One of the First Signs of Spring

I don't know about you but my nav station collects stuff. By season's end, the inside contains little bits and pieces of things that have long ago been replaced, fixed, or otherwise rendered unto Neptune. It seems that the natural place to put things that you don't know what to do with is the nav station surface. So much so that before you can go for the first sail of the season something must be done or face charts, bulbs, little bits of wire, tape, Eldridge's (last year's), the screwdriver you use when you're too lazy to find a proper tool and whatever else hides in the corners ends up on the cabin sole or in the bilge.

So last weekend while installing my radio/CD player I had to clean it up. The first thing I found is that I have a bunch more spare parts than I knew. The other thing is that there's lots of room there for, well, navigating. Who knew? So, for the first few weeks of this season I'll have a ship-shape nav station while it waits to accrete this year's detritus.

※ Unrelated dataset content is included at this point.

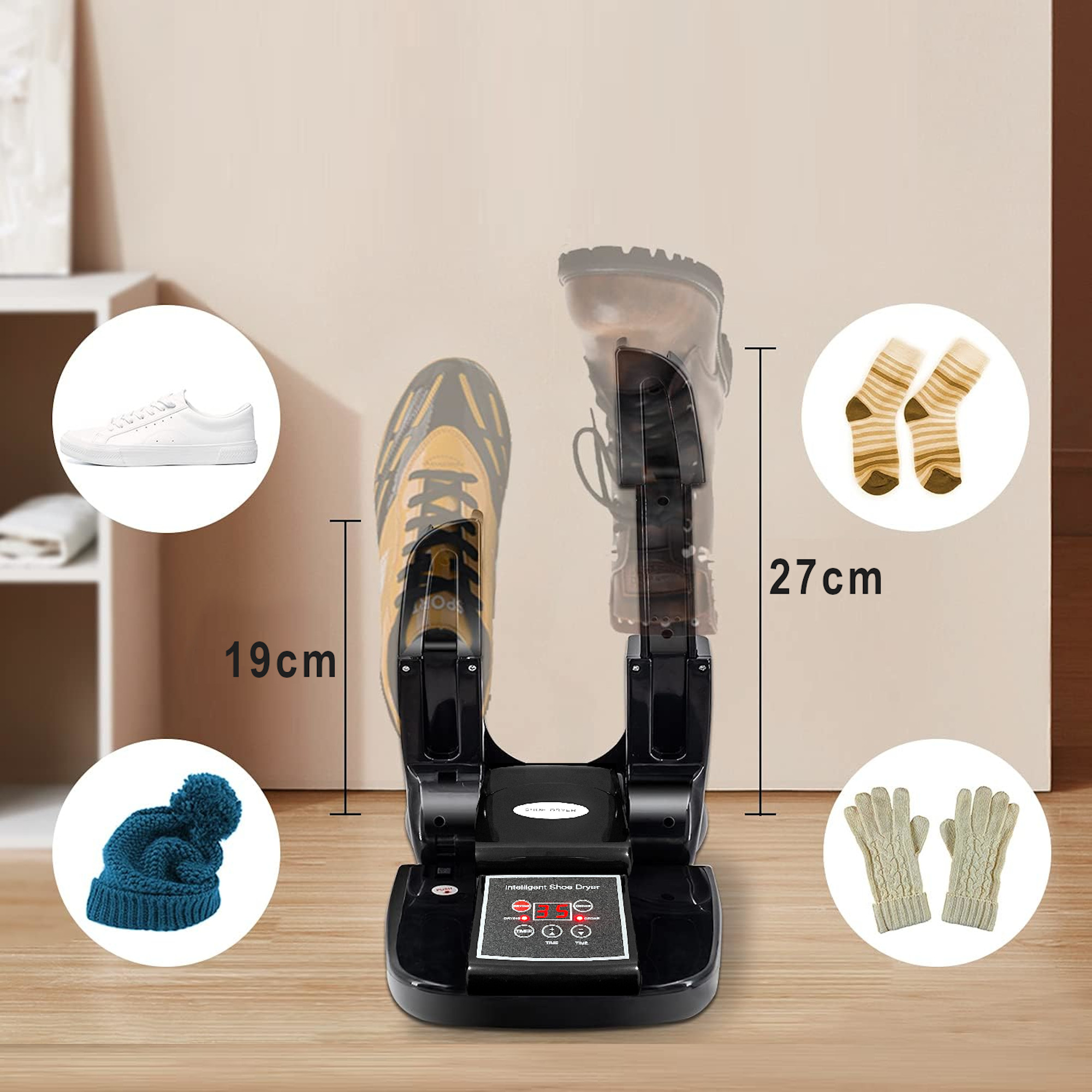 Завдяки регульованій довжині сушильних вставок сушильна машина підходить як для низького, так і для високого взуття.

My point here is that it's another spring and the beginning of a new season. There was a lull in work on the boat because it was cold and dark and unfriendly and frankly, all I really wanted to do aboard was sleep. I felt bad because I hadn't gotten anything done.

But in the last few weeks I've installed the new VHF with DSC calling and locating, new self-tailing winches (purchased as a celebration of a new job), and the stereo mentioned before. I'll finish up the holding tank plumbing now and will be setting sail late April for the season's first cruise. I can't wait!

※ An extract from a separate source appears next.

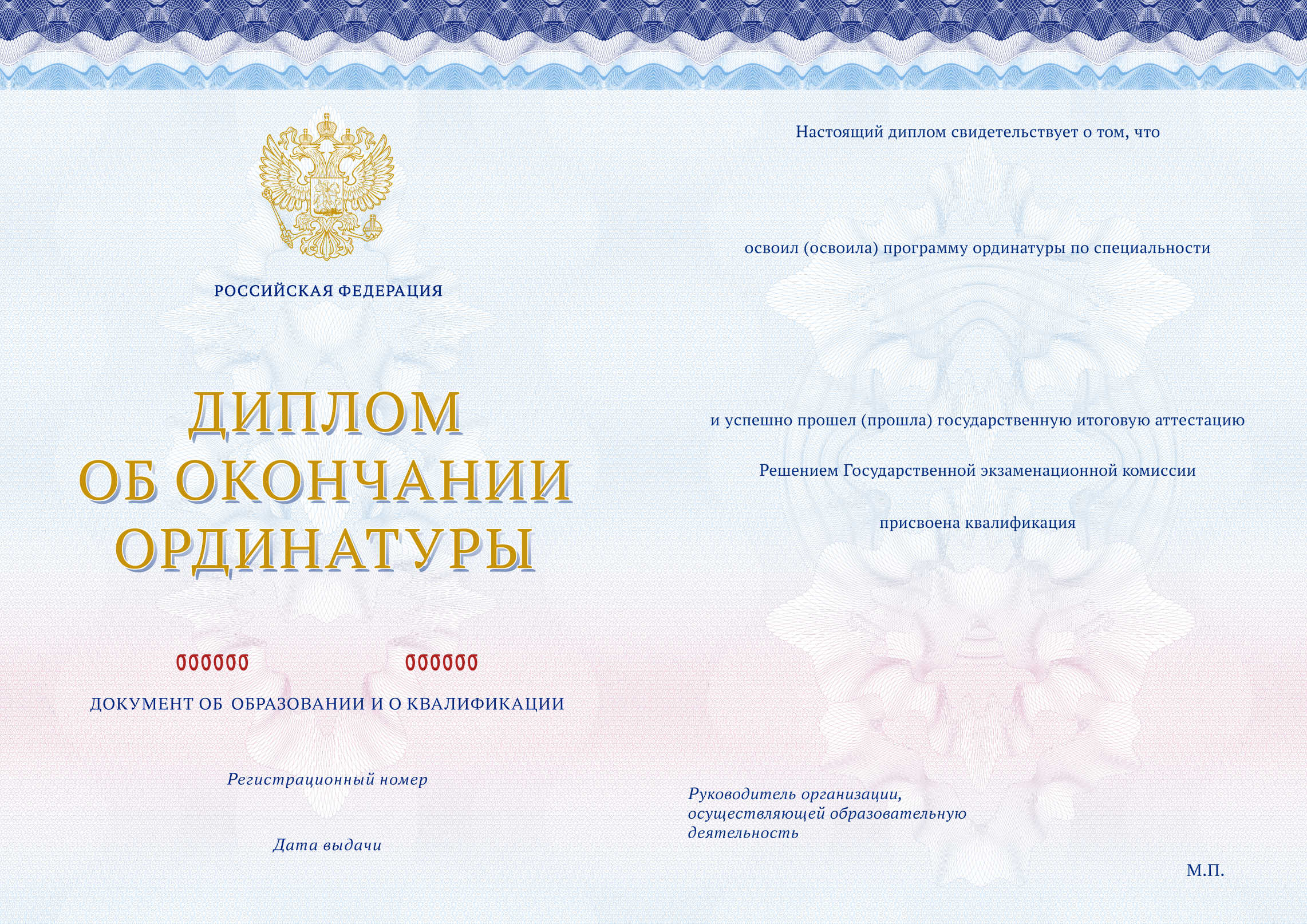 Обложка бланка диплома об окончании ординатуры (твердая) |

Because of travel plans, I won't get the cover off until April 20 or so. But then, watch out! The weather keeps getting nicer and nicer. I sure do hope work doesn't get in the way of fun this year!

So, installing winches. Here goes. It is my feeling that you can't have enough of the things. Moreover, the standard placement of the winches Pelican meant that you have to go into autopilot to adjust the sails. This is a terrible way to singlehand, especially if the autopilot fails. I know since I've done it.

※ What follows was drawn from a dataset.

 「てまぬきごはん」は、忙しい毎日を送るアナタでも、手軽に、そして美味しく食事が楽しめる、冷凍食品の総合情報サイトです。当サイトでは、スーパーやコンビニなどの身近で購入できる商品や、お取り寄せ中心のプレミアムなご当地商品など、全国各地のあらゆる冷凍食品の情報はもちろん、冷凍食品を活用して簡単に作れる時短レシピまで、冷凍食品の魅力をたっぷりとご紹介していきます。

I recently came into a little bit of money and purchased two Andersen 46STs to use as primaries near the wheel (which I replaced with a 48" wheel). The first thing to consider is the actual placement. In Pelican's case, the mizzen stays and main backstays are right where you'd put a winch in a perfect world. Since it's not, I took a winch out of the box and put a winch handle in it and placed it where I could spin the handle without hitting my hand or anything else. I placed them outboard as far as I could on the coaming. I marked the circle where the base would be.

Next, I looked under the coaming to see if there was anything I wouldn't like to drill into, like electrical or fuel lines. This is a sometimes overlooked step that results in all sorts of grief. I've said it before: Good judgment comes from experience; experience from bad judgment.

Anyway, the winches come with a template, but since you have to take the top off to mount them, I just took it off, lined up the base with the circle I drew earlier, and with a marker marked the five mounting holes.

Since the mounting bolts are 5/16" I drilled all the holes to 7/16", taped the bottom and filled with liquid epoxy. After that set (well, a little longer because the neighbor came over and offered some wine so that pretty well finished that day's work) , I re-drilled the holes to 5/16".

Next I put 3M 4200UV around each hole and put the winches in place. With the help of my aforementioned wine producing neighbor, I crawled in the locker and he held the bolt head while I cranked from below.

Now as you see the picture from below, you'll notice I used fender washers instead of a full backing plate. When drilling through the coaming, I noticed the core was solid mahogany rather than plywood. It was 3/4" thick, as well. Since winch loading is sideways and not straight up I'm not worried. The original winches had no more than a regular washer and a lock washer and they've stood up for 30 years.

Because of the stays, I'll have to put a turning block on the port side to clear all the interference and to avoid the forward winches. I'll do this when the cover comes off later this month.

Soon, we'll be seeing each other on the water! I, for one, can't wait!